* **WORK ORDER**
Exclude every picture and return the remaining entries below verbatim.

=== SUPPLIED MATERIAL ===

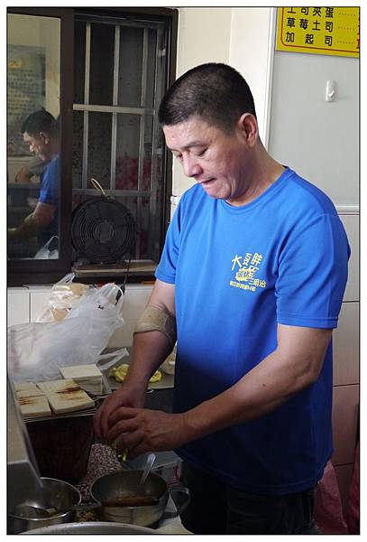 老闆超厲害~~不停的"徒手"翻烤土司~我想說這是在練鐵沙掌就對了XDD
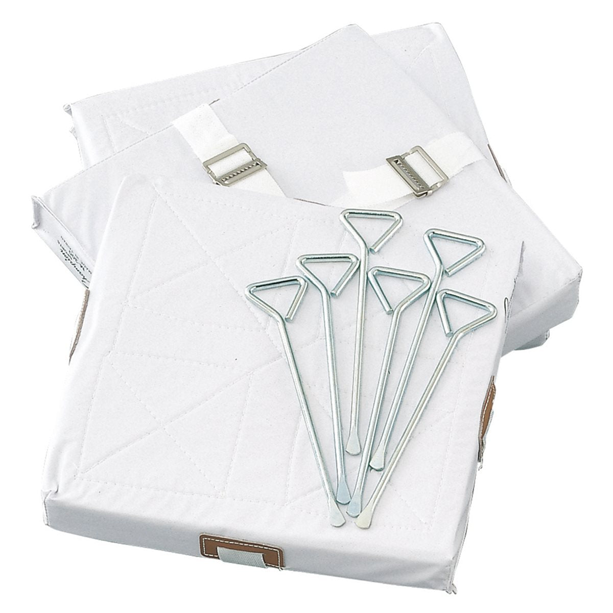 Set of three baseball cushions with steel stakes. Includes 3 goals, straps and 2 stakes per goal.
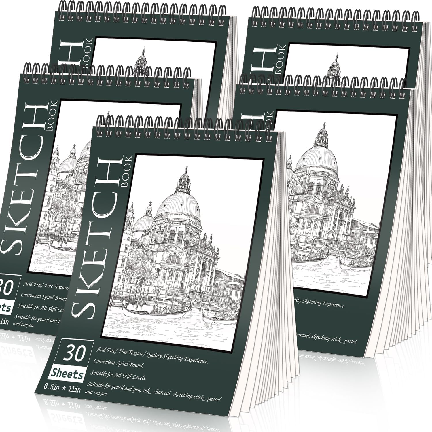 - Set of 5 Sketch Book: You will receive 5 sketchbooks in a package. Each sheet measures 8.5x11 inches which adopts 68lb/100gsm paper. Each sketch book come up with 30 sheets, totaling 150 sheets. Adequate quantity allows you to share with your friends and colleagues.
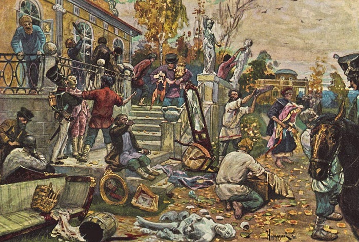 Вскоре после начала нашествия отмечались случаи, когда крепостные отказывались выполнять привычные обязанности и даже устраивали небольшие бунты. Бывало, что они грабили усадьбы, оставленные бежавшими дворянами. В письме к другу один помещик описывал, как после прихода французских фуражиров, которые взяли себе всё им потребное в его имении, крепостные набросились на барское добро и растащили остальное. Когда местные власти испарялись, крестьяне начинали вести себя как «разбойники», нападали даже на священников и пытали их, стараясь выведать, где запрятаны существовавшие или мнимые церковные сокровища.
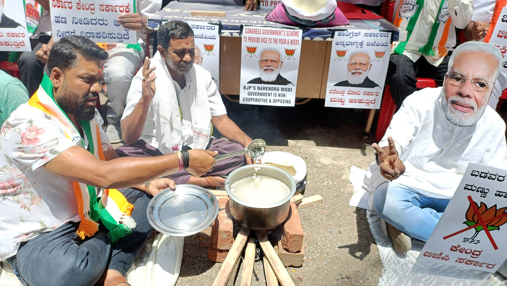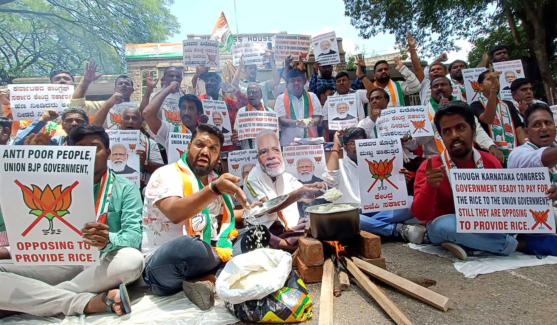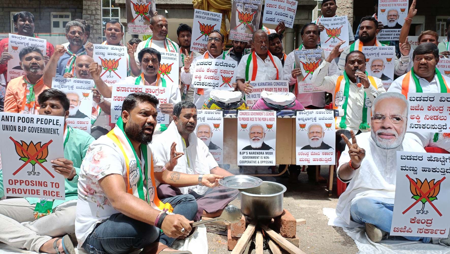 ಅನ್ನಭಾಗ್ಯ ಯೋಜನೆಗೆ ಅಕ್ಕಿ ಒದಗಿಸದ ಕೇಂದ್ರದ ವಿರುದ್ಧ ‘ಬೀದಿಯಲ್ಲಿ ಅನ್ನ ಬೇಯಿಸಿ’ ಕಾಂಗ್ರೆಸ್ ವಿಭಿನ್ನ ಪ್ರತಿಭಟನೆ
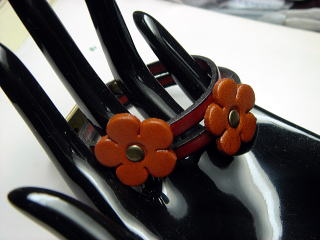お花ブレス 二重巻き☆ 体験で作成♪ 全部させて頂きました♪ ・・(お花に切り取るの以外・・これは作成してあったのを使用) すごく面白かった♪ とっても簡単バージョンですが、お気に入り^^v 左画像から 見ていただけると、 判りますが、 マグネットの金具使用。 そして、金具の両端に革 を通して、カシメで留めてあります〜♪ uyouni
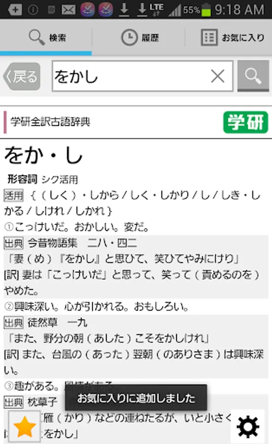 ・ You can look up "source information" and "modern translation" of examples of ancient texts.
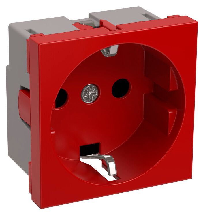 Розетка силовая с заземлением 2-к (на 2 модуля) 45х45 красная РКС-20-32-П-К оснащена тройной защитой: дифференциальным токовым автоматом (защита от утечек), устройством против перенапряжений и механическими шторками, препятствующими доступу к контактам. Соответствует требованиям ТУ 2291-001-1436938-2008. Обеспечивает класс безопасности II - двойная изоляция. Индикация выполнена выпуклым символом для быстрого определения положения.
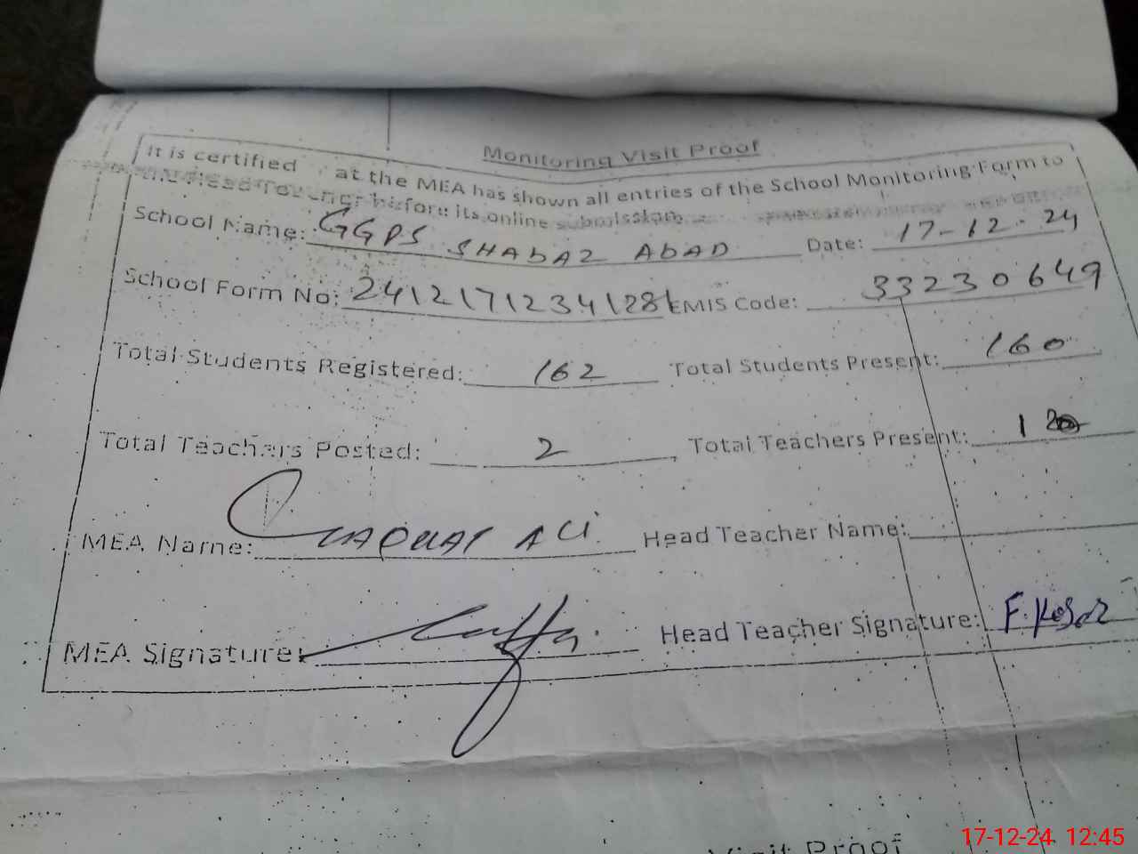 | Attendance Register | Head Teacher | MEA with School | Visit Proof |
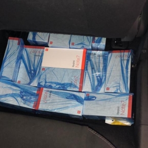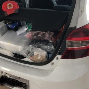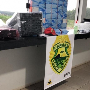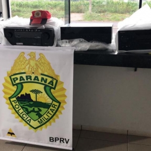 Foi vistoriado o interior do veículo onde foi localizado vários tipos de eletrônicos no valor aproximado de R$ 60.000,00 (sessenta mil reais) em aparelhos celulares, retroprojetores, mesa de som e home theater, possivelmente compradas no Paraguai.
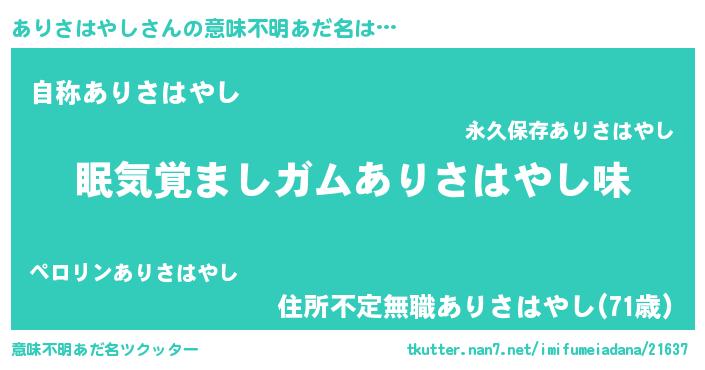 | ヒーロー風カッコイイあだ名 | 『慈愛の使者ありさはやし』 |
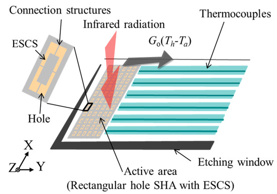 The sketch of the proposed CMOS compatible thermopile is shown in Figure 1. Here is the total thermal conductance, is the hot junction temperature, and is the ambient temperature. The infrared radiation is absorbed in the active area on the front-side of a thermopile. The fabrication of the CMOS compatible thermopiles with SHA was considered as it uses the 0.35 μm 2P4M CMOS- micro-electro-mechanical systems (MEMS) process in the Taiwan Semiconductor Manufacturing Company (TSMC) [16].
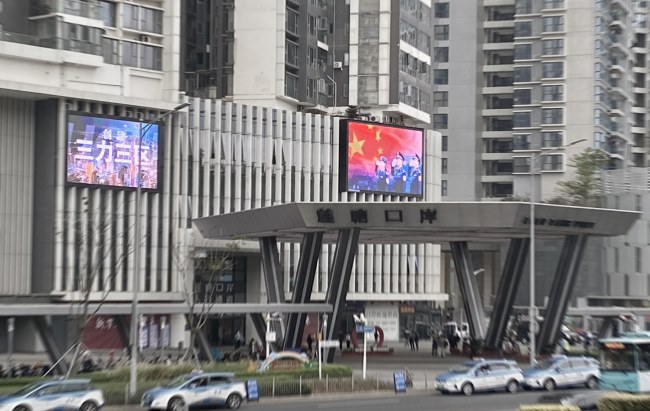 蓮塘口岸LED大屏(7.28m×1.17m)輪播頻次達120次/天,視覺沖擊力強。
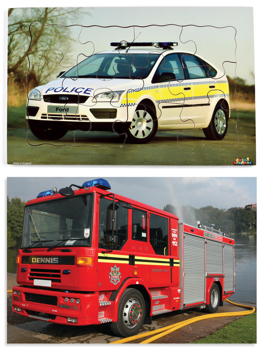 2 st/fp. Öva problemlösning, öga-hand-koordination och finmotorik med dessa rampussel föreställande en polisbil respektive brandbil. Pusslen kan användas av barn i både förskolan och skolan som ett diskussionsunderlag i ett tema eller projekt om utryckningsfordon, färger, funktion och mycket mer. Pusslen är screentryckta vilket ger skarpa och tydliga motiv. Tillverkade av FSC-märkt trä. Innehåller 12 handsågade bitar. PVC-fri. Från 3 år.
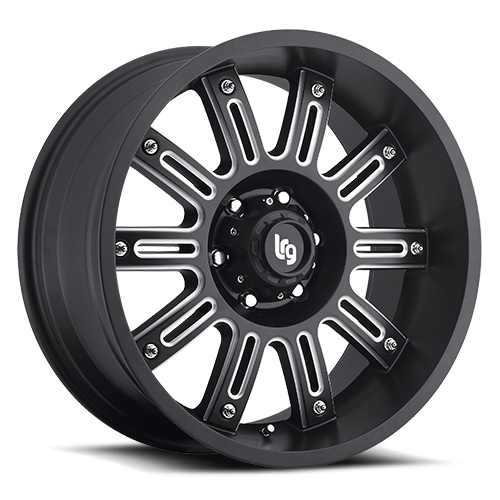 LRG Rims Apache 102, a fresh, modern 10-spoke to add flavor to an otherwise staid truck, Jeep or SUV. In its satin black/milled finish, the thin spokes with highlighted ribs and simulated rivet heads make the Apache 102 rim outstanding.
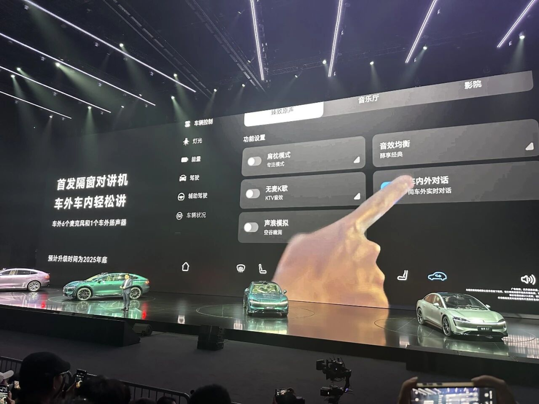 类似的功能其实早就出现了,只不过呈现方式都是车内对外喊话,以单向交流为主,智界R7的隔窗对讲则是实现了车内车外的双向沟通。
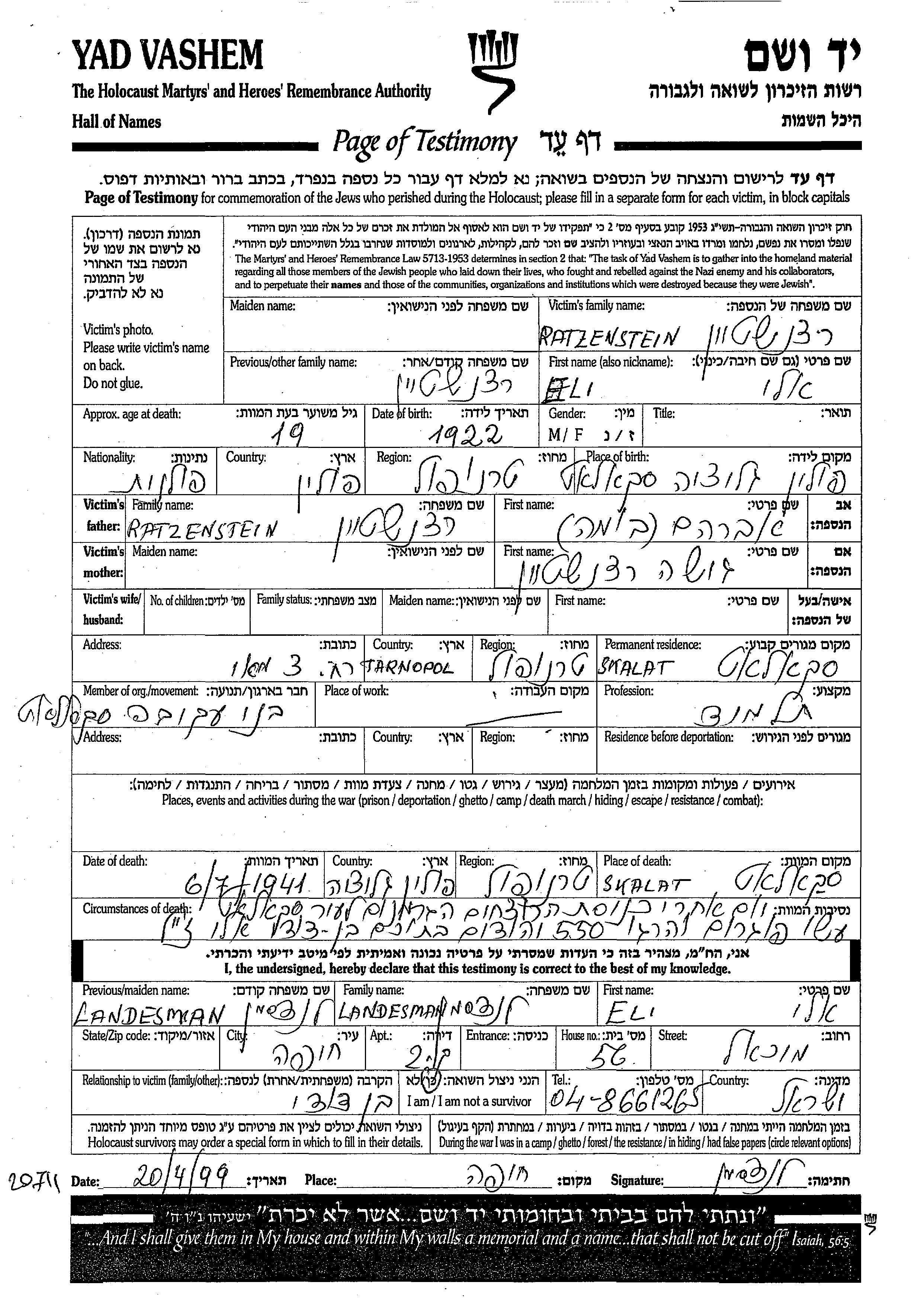אלי Eli Ratzenstein נולד בSkalat שבפולין בשנת 1922 לאברהם וגושה. הוא היה תלמיד. לפני מלחמת העולם השניה התגורר בSkalat שבפולין. אלי Eli נרצח בשואה. מקום המוות: Skalat שבפולין בשנת 06/07/1941.

===

* **FINISHED EXERCISE**
 老闆超厲害~~不停的"徒手"翻烤土司~我想說這是在練鐵沙掌就對了XDD
 Set of three baseball cushions with steel stakes. Includes 3 goals, straps and 2 stakes per goal.
 - Set of 5 Sketch Book: You will receive 5 sketchbooks in a package. Each sheet measures 8.5x11 inches which adopts 68lb/100gsm paper. Each sketch book come up with 30 sheets, totaling 150 sheets. Adequate quantity allows you to share with your friends and colleagues.
 Вскоре после начала нашествия отмечались случаи, когда крепостные отказывались выполнять привычные обязанности и даже устраивали небольшие бунты. Бывало, что они грабили усадьбы, оставленные бежавшими дворянами. В письме к другу один помещик описывал, как после прихода французских фуражиров, которые взяли себе всё им потребное в его имении, крепостные набросились на барское добро и растащили остальное. Когда местные власти испарялись, крестьяне начинали вести себя как «разбойники», нападали даже на священников и пытали их, стараясь выведать, где запрятаны существовавшие или мнимые церковные сокровища.
 ಅನ್ನಭಾಗ್ಯ ಯೋಜನೆಗೆ ಅಕ್ಕಿ ಒದಗಿಸದ ಕೇಂದ್ರದ ವಿರುದ್ಧ ‘ಬೀದಿಯಲ್ಲಿ ಅನ್ನ ಬೇಯಿಸಿ’ ಕಾಂಗ್ರೆಸ್ ವಿಭಿನ್ನ ಪ್ರತಿಭಟನೆ
お花ブレス 二重巻き☆ 体験で作成♪ 全部させて頂きました♪ ・・(お花に切り取るの以外・・これは作成してあったのを使用) すごく面白かった♪ とっても簡単バージョンですが、お気に入り^^v 左画像から 見ていただけると、 判りますが、 マグネットの金具使用。 そして、金具の両端に革 を通して、カシメで留めてあります〜♪ uyouni
 ・ You can look up "source information" and "modern translation" of examples of ancient texts.
 Розетка силовая с заземлением 2-к (на 2 модуля) 45х45 красная РКС-20-32-П-К оснащена тройной защитой: дифференциальным токовым автоматом (защита от утечек), устройством против перенапряжений и механическими шторками, препятствующими доступу к контактам. Соответствует требованиям ТУ 2291-001-1436938-2008. Обеспечивает класс безопасности II - двойная изоляция. Индикация выполнена выпуклым символом для быстрого определения положения.
 | Attendance Register | Head Teacher | MEA with School | Visit Proof |
 Foi vistoriado o interior do veículo onde foi localizado vários tipos de eletrônicos no valor aproximado de R$ 60.000,00 (sessenta mil reais) em aparelhos celulares, retroprojetores, mesa de som e home theater, possivelmente compradas no Paraguai.
 | ヒーロー風カッコイイあだ名 | 『慈愛の使者ありさはやし』 |
 The sketch of the proposed CMOS compatible thermopile is shown in Figure 1. Here is the total thermal conductance, is the hot junction temperature, and is the ambient temperature. The infrared radiation is absorbed in the active area on the front-side of a thermopile. The fabrication of the CMOS compatible thermopiles with SHA was considered as it uses the 0.35 μm 2P4M CMOS- micro-electro-mechanical systems (MEMS) process in the Taiwan Semiconductor Manufacturing Company (TSMC) [16].
 蓮塘口岸LED大屏(7.28m×1.17m)輪播頻次達120次/天,視覺沖擊力強。
 2 st/fp. Öva problemlösning, öga-hand-koordination och finmotorik med dessa rampussel föreställande en polisbil respektive brandbil. Pusslen kan användas av barn i både förskolan och skolan som ett diskussionsunderlag i ett tema eller projekt om utryckningsfordon, färger, funktion och mycket mer. Pusslen är screentryckta vilket ger skarpa och tydliga motiv. Tillverkade av FSC-märkt trä. Innehåller 12 handsågade bitar. PVC-fri. Från 3 år.
 LRG Rims Apache 102, a fresh, modern 10-spoke to add flavor to an otherwise staid truck, Jeep or SUV. In its satin black/milled finish, the thin spokes with highlighted ribs and simulated rivet heads make the Apache 102 rim outstanding.
 类似的功能其实早就出现了,只不过呈现方式都是车内对外喊话,以单向交流为主,智界R7的隔窗对讲则是实现了车内车外的双向沟通。
אלי Eli Ratzenstein נולד בSkalat שבפולין בשנת 1922 לאברהם וגושה. הוא היה תלמיד. לפני מלחמת העולם השניה התגורר בSkalat שבפולין. אלי Eli נרצח בשואה. מקום המוות: Skalat שבפולין בשנת 06/07/1941.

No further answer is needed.